– Честно говоря, не очень-то.
– Я тебе расскажу.
– Мелезия! Откуда ты знаешь философию?!
– Не забывай, я же актриса! И, смею думать, не особо плохая, хоть и играю в бродячей труппе. А где еще мне играть? Ты же знаешь, как относится к актерам церковь? Гонения – это не то слово! Хорошо еще – на кострах не жгут. И все же – нет занятия лучше!
Мелезия говорила с жаром, щеки ее раскраснелись, карие, широко распахнутые глаза сверкали брильянтами!
– Теперь – мимика, жесты, – покончив с философией, продолжала девушка. – У тебя жесткое, волевое лицо. Слишком жесткое для странствующего философа. Расслабься, чаще улыбайся, но не радостно-весело, а такой, загадочно-задумчивой полуулыбкой. Вот, попробуй… Ага! Получается. А жесты у тебя все еще расчетливы, скупы. Ну-ка махни рукой! Ничего, если собьешь со стола кувшин или кружки – философ и должен быть рассеянным. Вот! Так! Молодец! А сейчас займемся походкой.
– Походкой?
– Да-да, походкой. Поверь, поменять походку – значит почти полностью стать другим человеком. Перевоплотиться! Вот, смотри!
Прелестно обнаженная, Мелезия соскочила с ложа и, подбоченясь, прошлась по узкому пространству пола – от окна к двери.
– Вот так ходят гетеры! Смотри, как они выставляют напоказ свое тело… как высматривают состоятельного клиента, как стреляют глазами…
– О!!! – Лешка сглотнул слюну и протянул к девушке руки.
– Нет-нет! – засмеялась та. – То, что ты хочешь сейчас со мной сделать – пусть будет. Но – чуть позже. Пока же – смотри и учись! Вот так ходят домохозяйки…

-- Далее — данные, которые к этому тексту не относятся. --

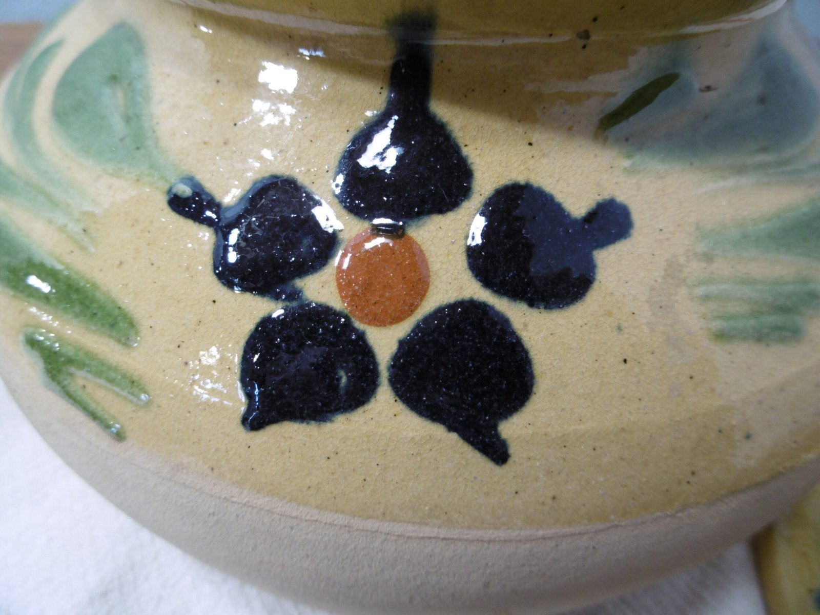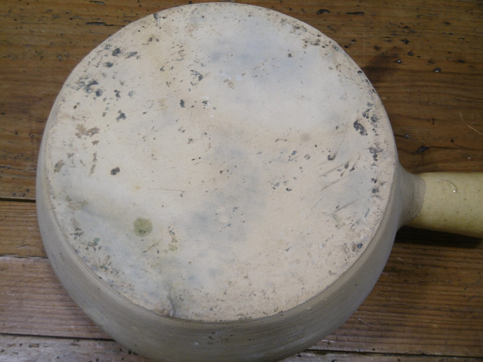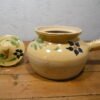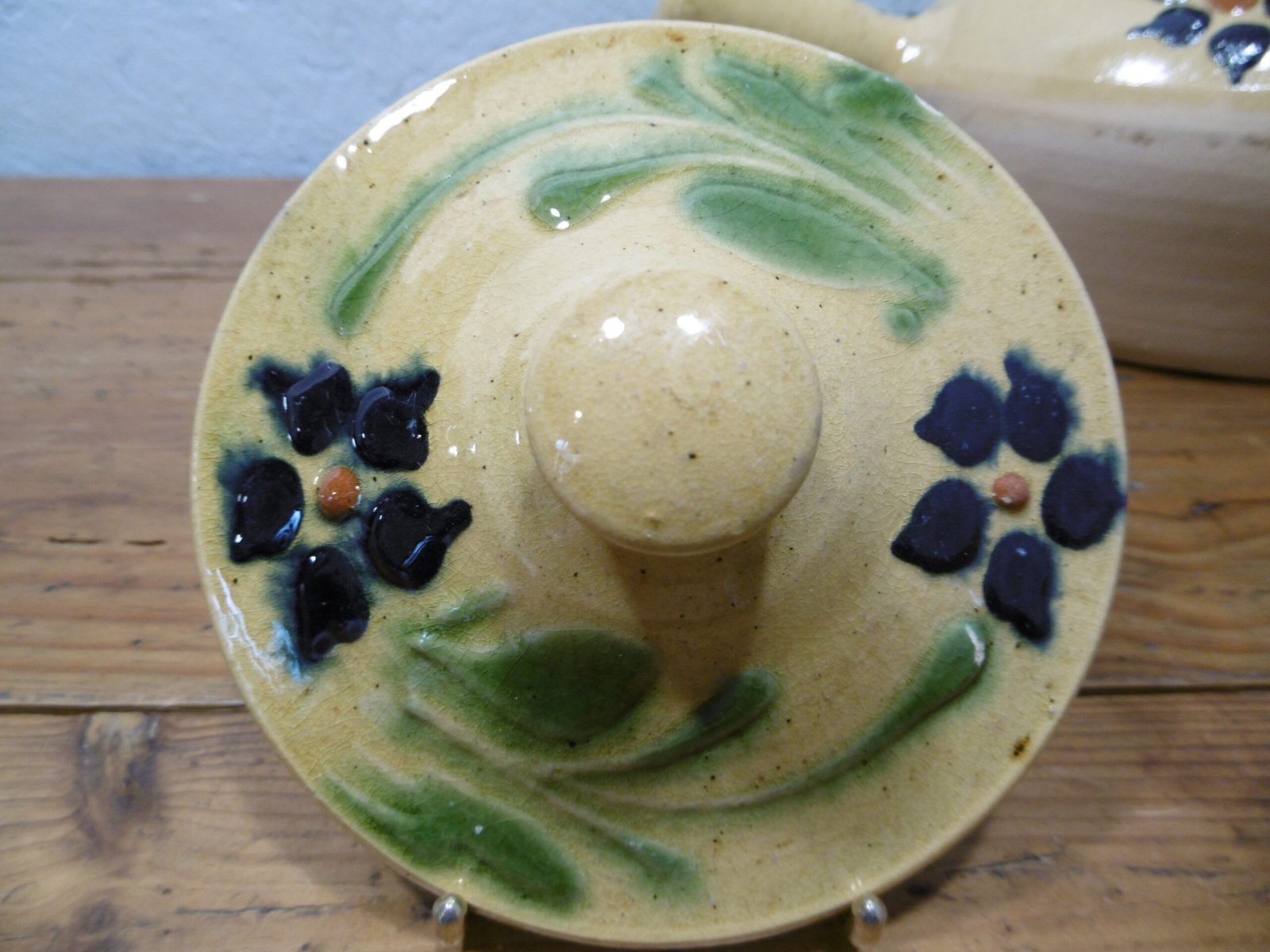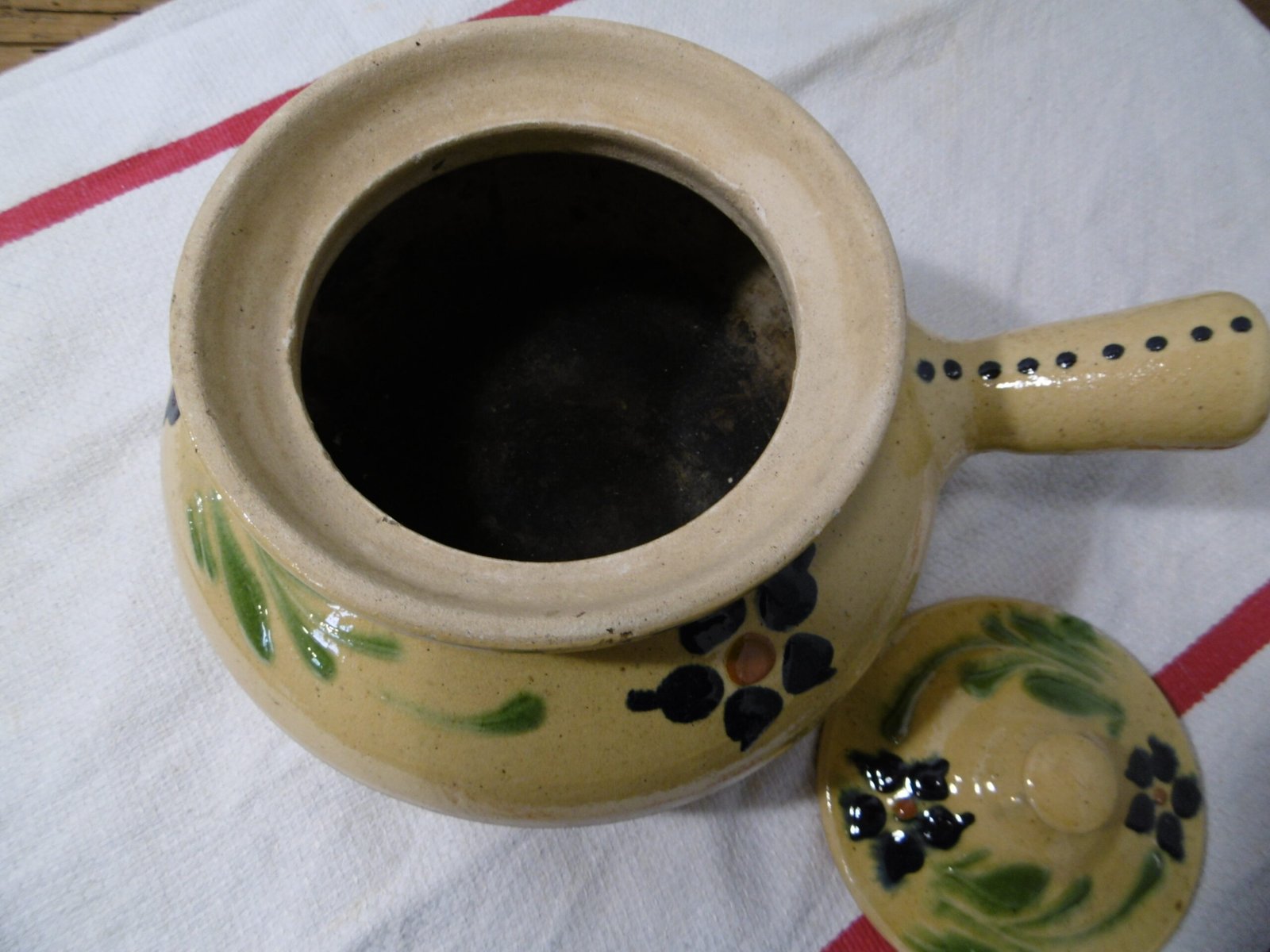 Poêlon de Souffleheim avec son couvercle. Glaçure en fond mi-partie beige. Le décor traditionnel représente des marguerites aux pétales bleu pétrole, à cœur jaune et feuillages verts. Une ligne de pointillés agrémente la poignée.
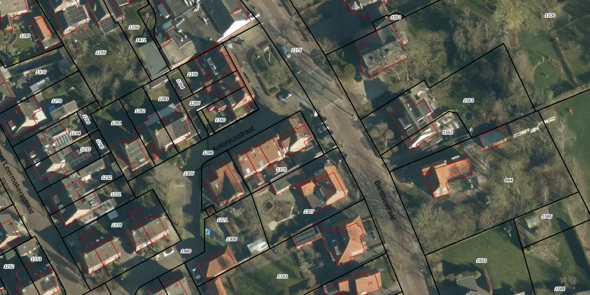 Het perceel waarop Antoniusstraat 5 staat heeft een oppervlakte van 477 m². Dit is een groot perceel. De perceeloppervlakte wordt geregistreerd door het Kadaster. Gedetailleerde informatie over de maten van dit perceel kunt u vinden in het rapport Kadastrale kaart met maatvoering van Antoniusstraat 5.

Мелезия выпятила вперед грудь, изогнулась и смешно засеменила ногами.
– А так – молодые девушки из хорошей семьи под присмотром тетки… А вот так – без присмотра.
Лешка не выдержал, расхохотался – уж больно весело все получалось у гостьи.
Мелезия же уперла ему палец в грудь:
– Теперь ты! Вставай, вставай, поднимайся! И не надо меня обнимать… пока…
Старший тавуллярий послушно поднялся. Правда, стесняясь, натянул штаны.
– Ой-ой-ой, какие мы стеснительные!
Прошелся…
– Нет, друг мой, так ходят солдаты… или узники в тюрьмах! Расслабся! Размахивай посильнее руками, не смотри так по сторонам… нет, смотри!
– Так смотреть или нет?
– Смотри, но не так!
– А как?
– Рассеянно! А не так, будто кого-то высматриваешь! Задери подбородок повыше. Споткнись… Вот, молодец! Теперь иди сюда… Ляг рядом. Поцелуй меня… Нет, не в губы, в пупок… Та-ак… Теперь – выше… или ниже, как ты хочешь… Зачем ты только надел эти дурацкие штаны! Сними! Нет, постой – я сама сниму. Как противно скрипит кровать… надо же, я и не замечала! А что там у нас за окном… Наклонюсь, посмотрю… О! Какие у тебя сильные руки… Ох!!!
Они провалялись в постели до самого вечера – лень было спускаться даже за ужином. И все же – пришлось, когда в дверь, слегка постучав, заглянул Епифан.
– Там, внизу, пришел Николай, – ничуть не смущаясь увиденным, торопливо поведал подросток. – Ну, тот, из секрета. Я говорил о нем.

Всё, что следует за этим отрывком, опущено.